**ACTIVITY:**
For this exercise, output the entries below exactly from the line that holds "2024년 6월 24일(월)-26일(수), 소망수양관( 곤지암)" to the line that holds "デニムジャケットの裾から出てくる白がかわいい!", both ends included. No pictures belong in the copy.

**RECORDED INFORMATION:**
++++++++++

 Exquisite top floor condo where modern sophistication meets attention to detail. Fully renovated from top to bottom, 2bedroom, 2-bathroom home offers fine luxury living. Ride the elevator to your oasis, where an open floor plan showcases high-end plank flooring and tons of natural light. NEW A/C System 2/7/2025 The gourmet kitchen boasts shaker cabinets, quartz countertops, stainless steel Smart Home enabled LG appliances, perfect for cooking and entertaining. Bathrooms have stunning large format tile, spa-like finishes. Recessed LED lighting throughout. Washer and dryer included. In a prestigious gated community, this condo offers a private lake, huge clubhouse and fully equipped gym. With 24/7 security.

++++++++++

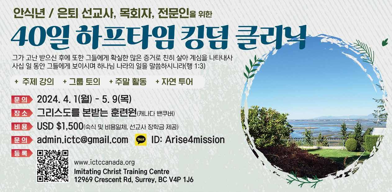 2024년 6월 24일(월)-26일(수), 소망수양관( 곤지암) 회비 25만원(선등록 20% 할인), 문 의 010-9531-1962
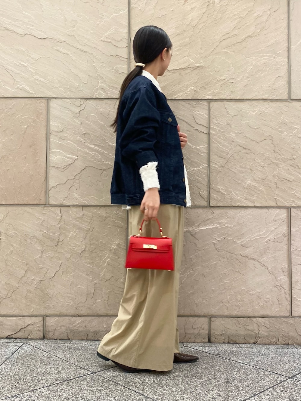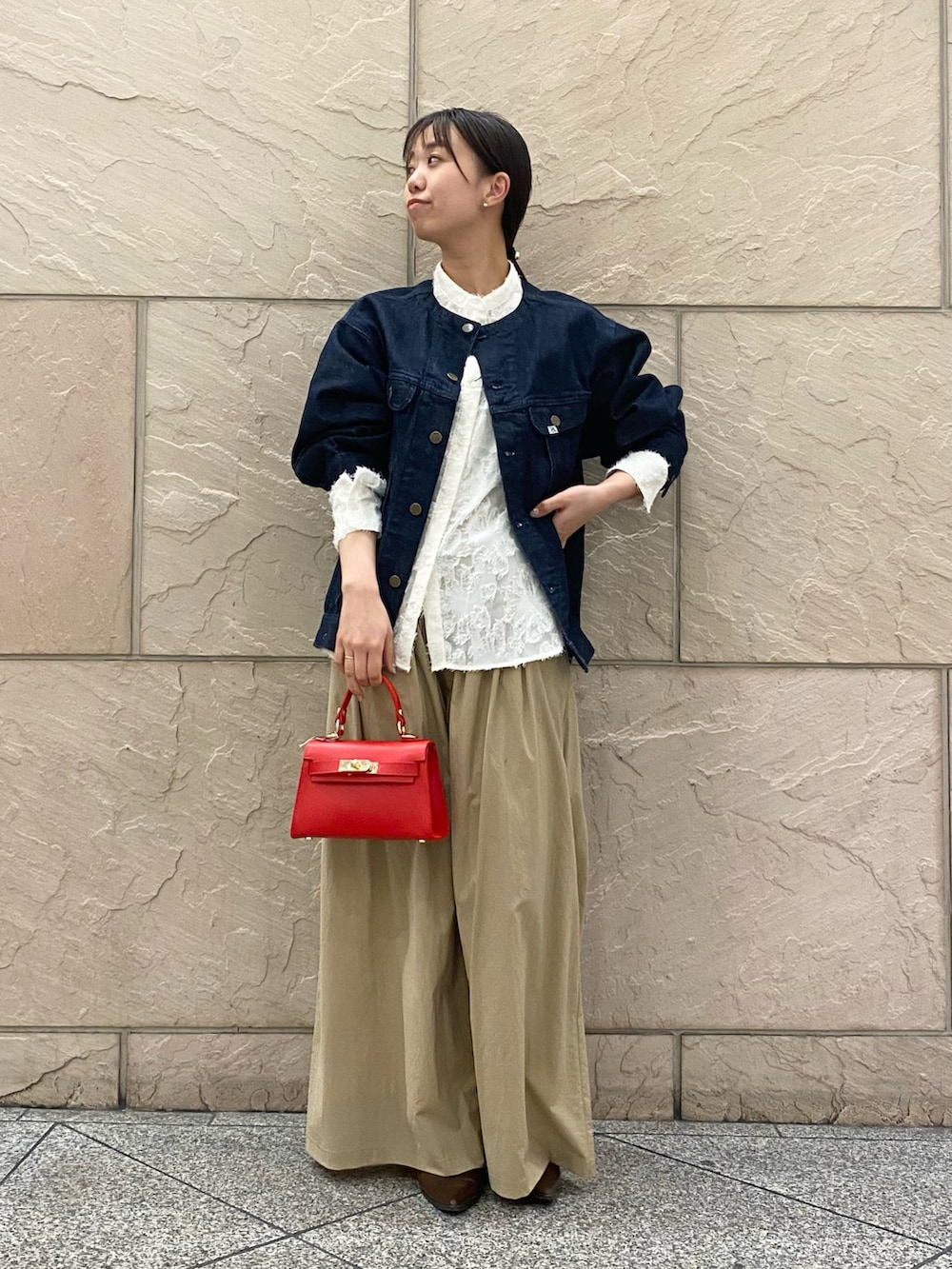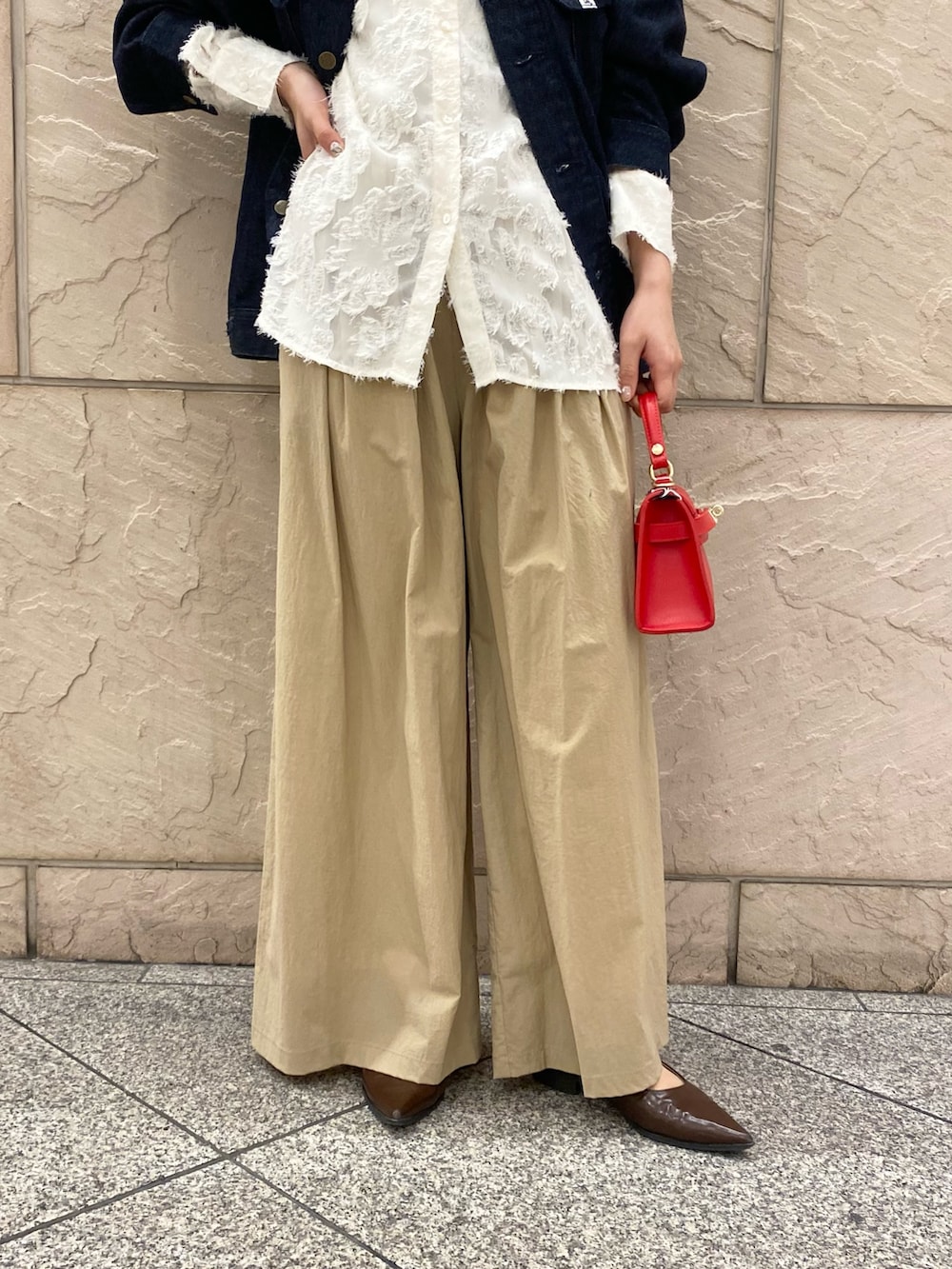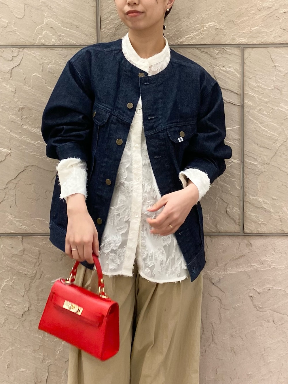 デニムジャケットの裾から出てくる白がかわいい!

++++++++++

**RESPONSE TO THE EXERCISE:**
 2024년 6월 24일(월)-26일(수), 소망수양관( 곤지암) 회비 25만원(선등록 20% 할인), 문 의 010-9531-1962
 デニムジャケットの裾から出てくる白がかわいい!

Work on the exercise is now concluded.